Hammond is ranked No. 1 in the Maryland State Wrestling Association preseason rankings among Class 1A/2A schools. Two of their wrestlers are ranked among the top five in their weight classes.

Hammond, which won the state dual-meet title two years ago, was prevented from achieving state honors again last season by nemesis Lackey, which defeated the Bears in the dual meet regional finals. Hammond also finished second to Lackey in the regional tournament and fourth at the state tournament. The Bears went 15-2 in dual meets and both dual meet losses were to Lackey. They also lost to Lackey at the Hammond tourney but beat Lackey at the Lackey tourney. That was the only time that state Class 1A/2A state champion Lackey lost last season.

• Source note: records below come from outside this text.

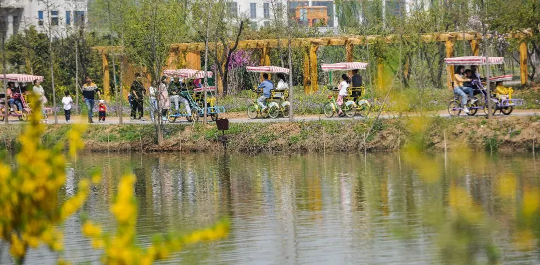 游客和市民們紛紛趁著陽(yáng)光明媚出行游玩,或三兩好友、或一家三口、或情侶綿綿……騎著腳踏車(chē)走進(jìn)自然,呼吸新鮮空氣。小朋友們也來(lái)了,向鳥(niǎo)兒?jiǎn)柡?。鳥(niǎo)語(yǔ)花香,談笑風(fēng)生,在這里,盡享新鮮空氣與美好的春光。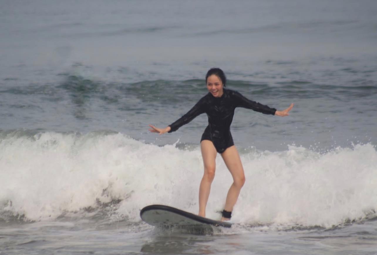 "Mình bị nhức cơ tay, vai trong khoảng một tuần sau chuyến đi nhưng nếu có cơ hội, mình muốn trải nghiệm một khóa học ba tháng để có thể lướt sóng một cách tự tin hơn", Trang chia sẻ.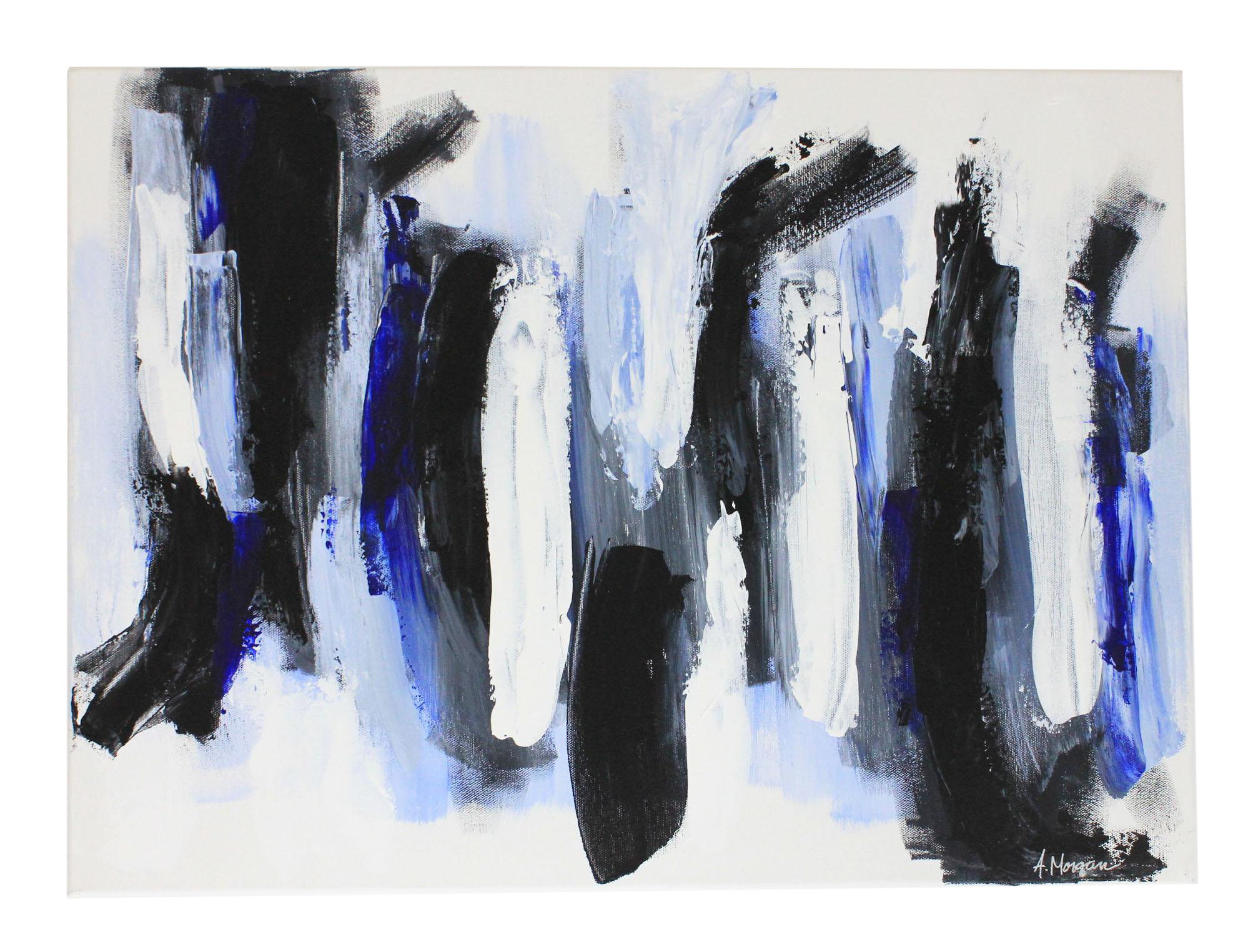 Silver Race Abstract Acrylic Painting Canvas Wall Art Blue White
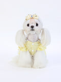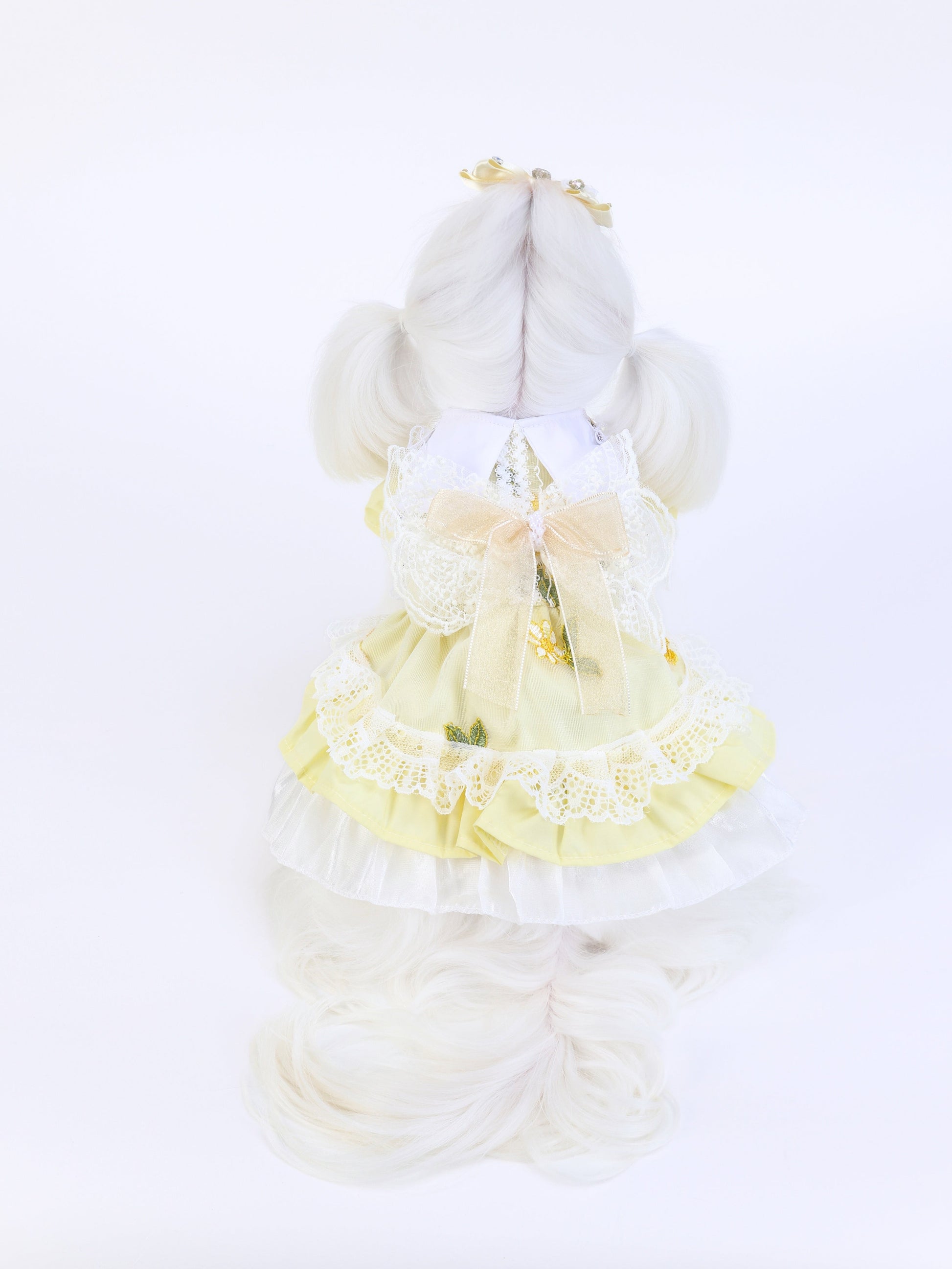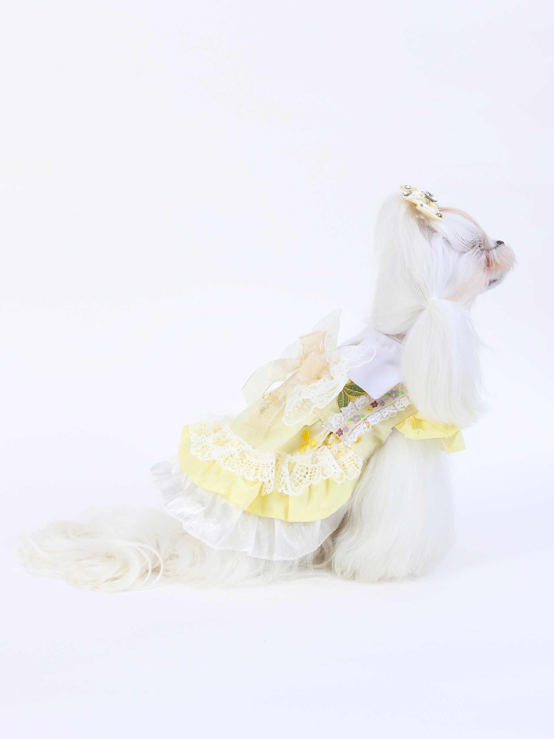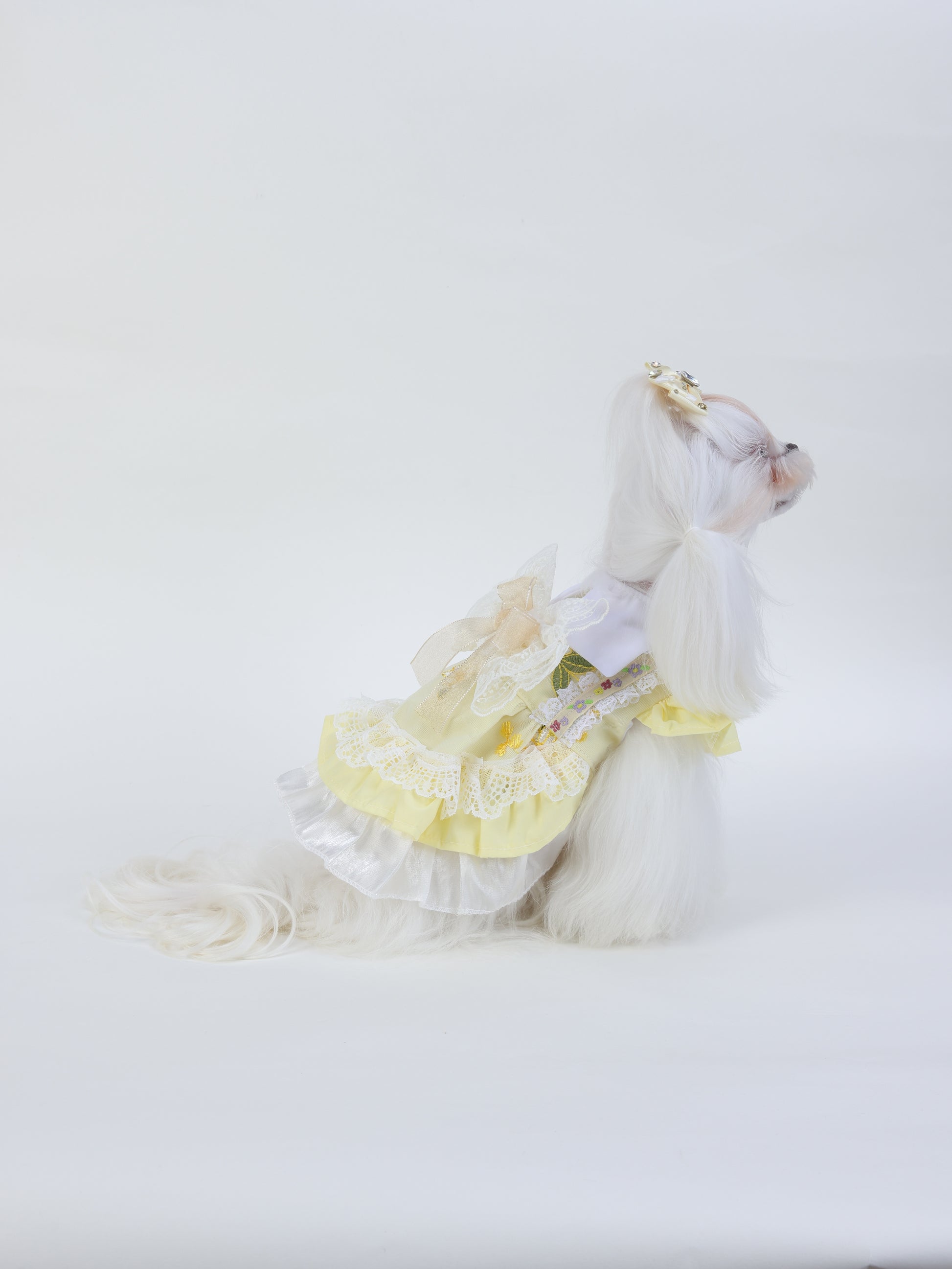 Lemon Whip is a sunny pet dress full of springtime delight and soft textures. Delicate lace, fluffy trim, and floral embroidery meet layers of pastel yellow ruffles. Finished with a sheer ribbon bow and matching ear accessory, it's pure joy in a dress.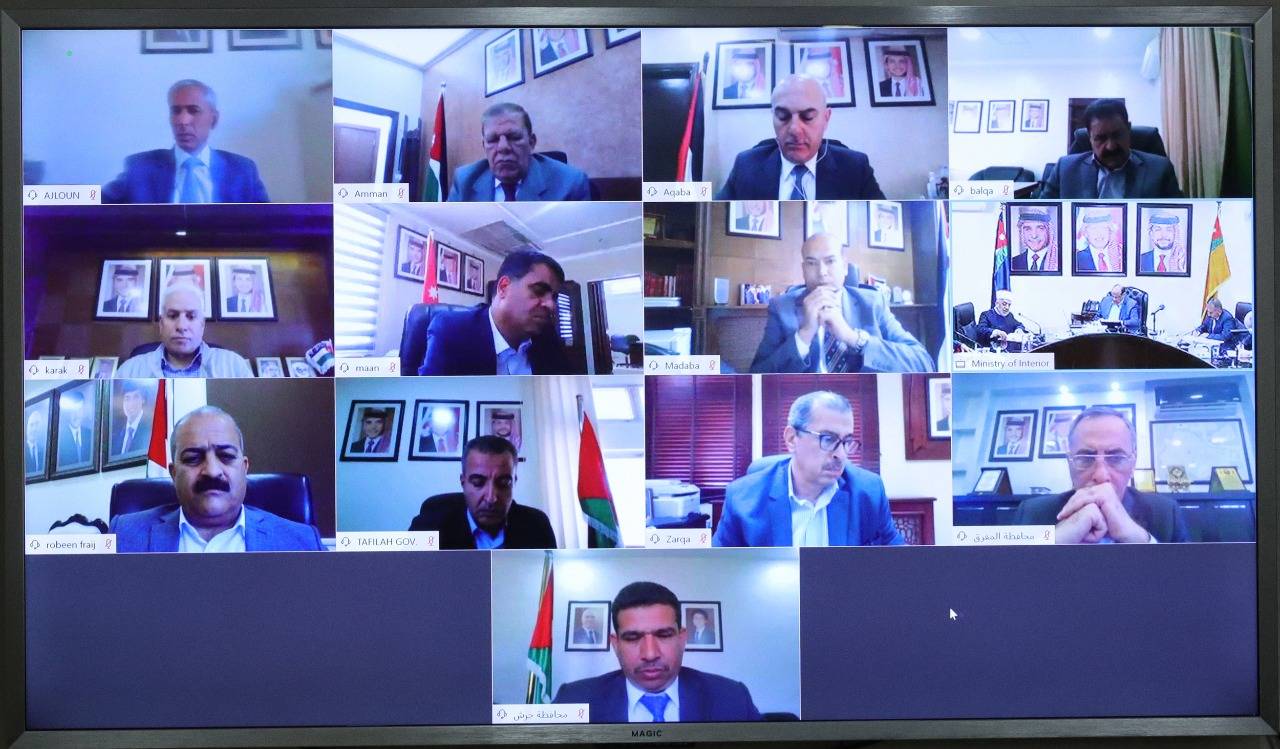 عقد وزير الداخلية سلامة حماد في مبنى الوزارة اليوم الاثنين اجتماعا عن بعد مع محافظي الميدان عبر تقنية الاتصال المرئي والمسموع بحضور وزير الاوقاف والشؤون والمقدسات الاسلامية الدكتور محمد الخلايلة.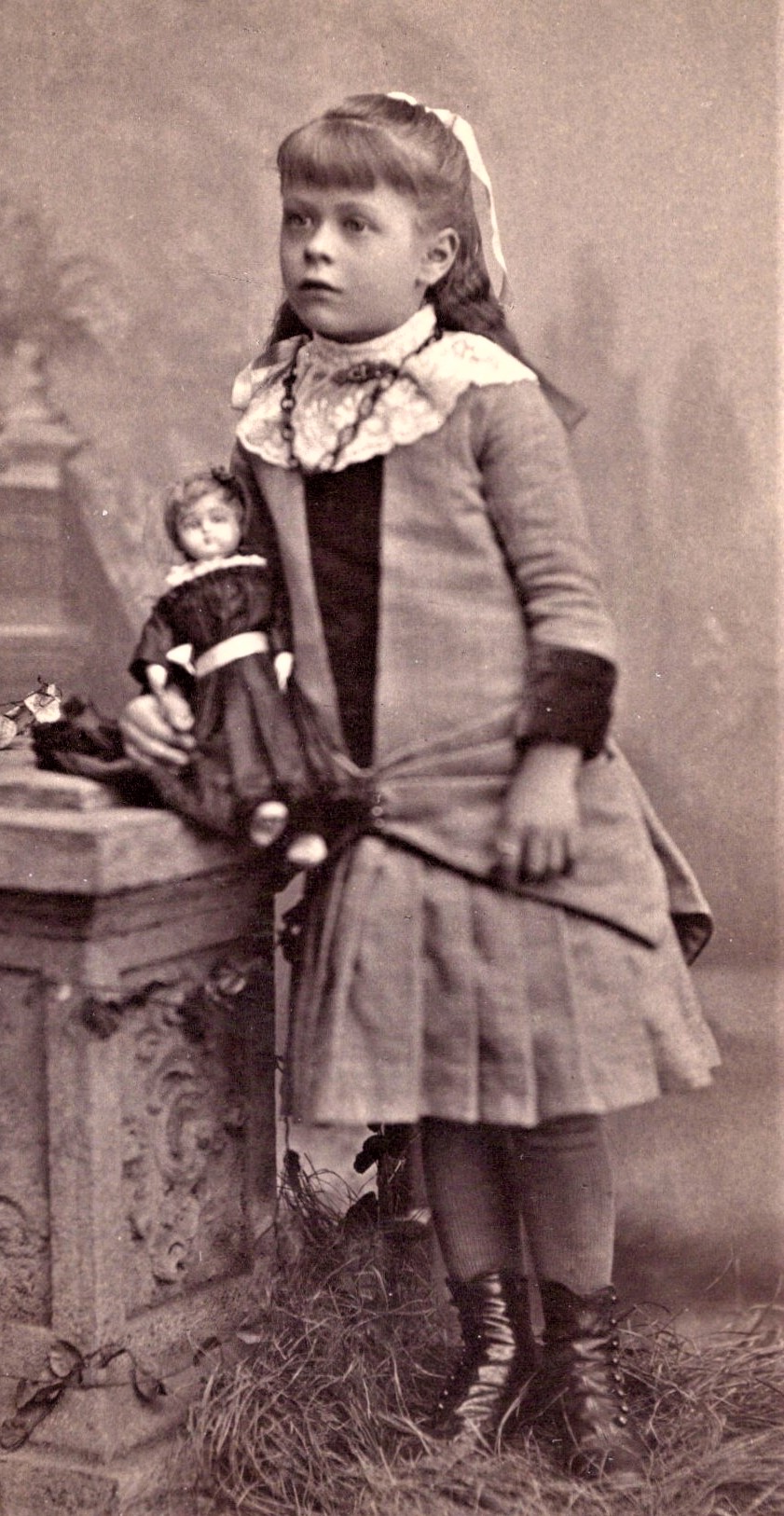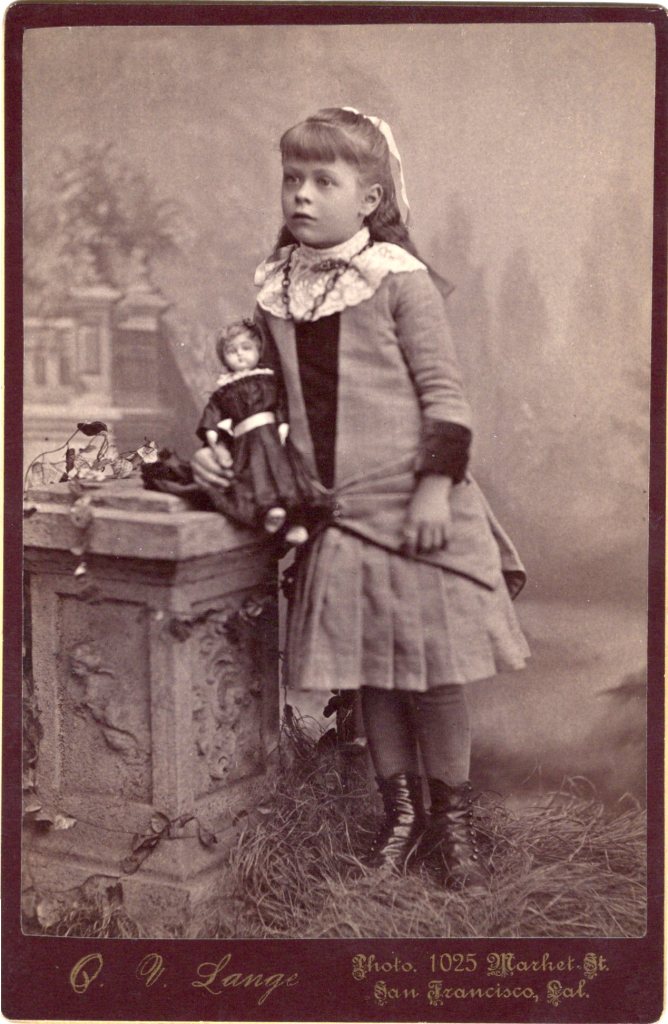 This cabinet card features a pretty young girl posing for her portrait while she holds her doll. The girl has a serious expression as she looks into the distance. She is wearing a necklace and has a bow in her hair. The photographer is Oscar Victor Lange (1853-1913) of San Francisco, California. He was a leading photographer in San Francisco and also was known as a landscape painter. He was born in Hoboken New Jersey to German immigrants. His family name was “Fahrenberg”. His father was a portrait painter and his family moved around alot. The 1860’s found them in New Orleans and in the 1870’s the family lived in Texas. During the 1870’s Oscar moved to San Francisco where he worked with Ernest W. Newth producing stereographs. At this time he changed his last name to “Lange”. In the 1880’s Oscar opened his own San Francisco studio on Market Street and during the 1890’s he relocated to Montgomery Street. Lange was known for his urban architectural photographs and also for his portraits of railroad workers. He is also noted for his astronomical photographs taken with the University of California. Lange died in 1913 from tuberculosis. This cabinet card has some extra features. Note the maroon mount and the gold trimmed edges. (SOLD)

Hammond is 104-33-2 in dual meets over the past 10 years.

Smith said his team has great depth. The squad has 43 wrestlers -- the most in the county. And it will go four deep from 103 pounds to 140 pounds and three deep at 189 and heavyweight.

"From 152 to 171 we're a little light," he said. "But at three weight classes we have two very strong wrestlers.

He is pleased that five of his wrestlers chose to wrestle all summer regularly with the Headhunters, a club team that met twice a week under the tutelage of former Oakland Mills four-time county champion champion, Jeff Rosenberg. Those five include Scott Osborn, Dan Embrey, Vaymond Dennis, Ryan Mackin and Mark Read.

"The Headhunters step up against the best and wrestle from the end of states through the summer," Smith said. "And I think that will have a big impact on what you see this season."

Some other regulars in that Headhunters group included J. C. Porter and Jeff Carter of Long Reach, Brandon Lauer of River Hill, Kevin Sutton and Quinton Milroe of Oakland Mills, and Glenn Paik of Centennial.

Smith said that the Howard County Wrestling Association founded by River Hill's Earl Lauer and Marshall Dauberman is also having a positive impact on high school wrestling by introducing the sport at an early age.

"Long term that's going to have the biggest impact. They have an intramural program at nearly every high school and a travel team at River Hill," Smith said. "Before that club started, we went three years once with no freshman who had stepped on a mat before. Now we have five or six freshmen who wrestled junior league."

Smith also benefits from a great turnout by football players. He will have five this year, including Matt Nelson, Randy Curtin, Adam Clark, Kyle Peddicord and Embrey.

But he said that one of the key ingredients to Hammond's success is having a coach who teaches in the building and has been around awhile.

One of his assistants, Scott Farrow, also teaches at Hammond, and since the first basketball cut they have rounded up 10 more wrestlers for the junior varsity team.

"We're still getting kids out, and it's hard to do that if you are not working in the building," Smith said.

Only four of the 10 schools has a head wrestling coach teaching in its building -- Wilde Lake, Long Reach, River Hill and Hammond. Those four school also have the largest turnouts this season.

It doesn't help when school can't retain their coaches either. Four schools have new coaches this season, including Mount Hebron, Glenelg, Long Reach and Wilde Lake.